Csaba Szepesvari is a Canada CIFAR AI Chair, the team-lead for the "Foundations" team at DeepMind and a Professor of Computing Science at the University of Alberta. He earned his PhD in 1999 from Jozsef Attila University, in Szeged, Hungary. He has authored three books and about 200 peer-reviewed journal and conference papers. He serves as the action editor of the Journal of Machine Learning Research and Machine Learning, as well as on various program committees. Dr. Szepesvari's interest is artificial intelligence (AI) and, in particular, principled approaches to AI that use machine learning. He is the co-inventor of UCT, a widely successful Monte-Carlo tree search algorithm. UCT ignited much work in AI, such as DeepMind's AlphaGo which defeated the top Go professional Lee Sedol in a landmark game. This work on UCT won the 2016 test-of-time award at ECML/PKDD.

Talk

Planning, learning, and generalization in reinforcement learning

Level: General

Markov decision processes (MDPs) is a minimalist framework that is designed to capture the most important aspects of decision making under uncertainty, a problem of major practical interest. While the minimalist approach makes MDPs powerful and general, the lack of structure in MDPs also implies that planning and learning in MDPs is provably intractable with combinatorial (ie multidimensional) state-action spaces, a situation that is common in applications.
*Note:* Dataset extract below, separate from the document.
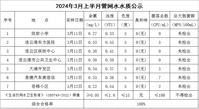 2024年3月上半月管網水水質公示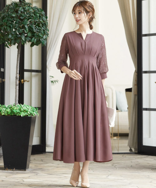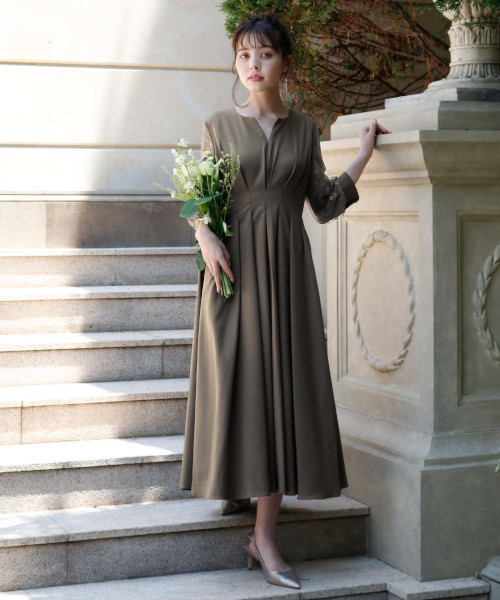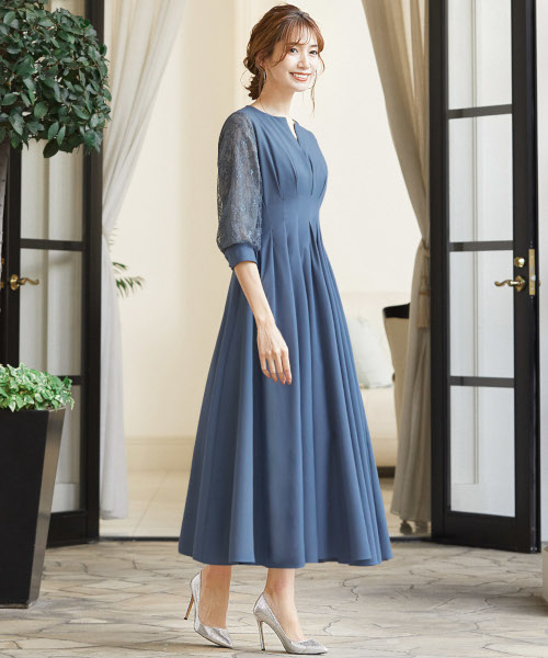 4. 【低身長さん向け】【~4Lサイズ】コンシャススリーブXラインキーネック結婚式ワンピースドレス

Reinforcement learning methods introduce either value-function approximation, or policy approximation, or both to address this issue. The core idea is that using a powerful function approximation method, such as neural networks, algorithms can extrapolate far away from the data that they are exposed to, which ideally leads to increased efficiency and effectiveness. In this talk, building on recent results, I will discuss to what extent this hope can be met or is met, and will argue that the new results put the problem of choosing and designing reinforcement learning algorithms into an entirely new perspective, which I will describe in detail.